![]() | Chapter 4: Kinds | ![]() ![]() |
4.6. New either/or properties |
Properties can only be given to something if its kind will permit that: we cannot make a chair "dark" or a room "portable", for instance. When creating kinds, then, we need a way to specify the properties which that kind of thing will allow, and this will need to include new properties of our own devising.
A dead end is either secret or ordinary.
This creates just one new property, not two, as the names are taken as the two states of a single either/or property: secret means not ordinary, ordinary means not secret. Alternatively, we could just say:
A dead end can be secret.
in which case the opposite of "secret" would be "not secret".
Note that we are free to add to the definitions of kinds which already exist, not just those we have created ourselves: for instance,
A room is either indoors or outdoors.
creates a new property which all rooms either possess or don't. And so on.
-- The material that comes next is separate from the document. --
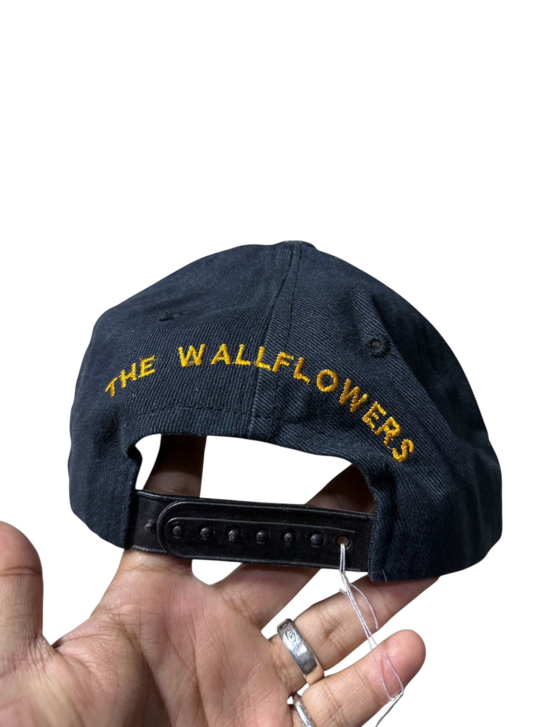 Vintage The Wallflowers band cap featuring embroidered logo on the front and band name on the back. Black cotton cap with adjustable snapback. Clean, minimal 90s alternative rock merchandise.

If we make the above definitions then by default, any dead ends created will be "ordinary" and any rooms created will be "outdoors": that is, in the absence of other information it is assumed that a new either/or property will not be held. We could reverse this behaviour by adding:
A dead end is usually secret. A room is usually indoors.
(It is not quite true that a property can only be held be something if the kind permits it, because in exceptional cases we can give special permission. For instance, the "open" property is normally only applicable to doors and containers. Here we give special leave for it to apply to a specific thing:
The umbrella is carried by the player. The umbrella can be open. The umbrella is open.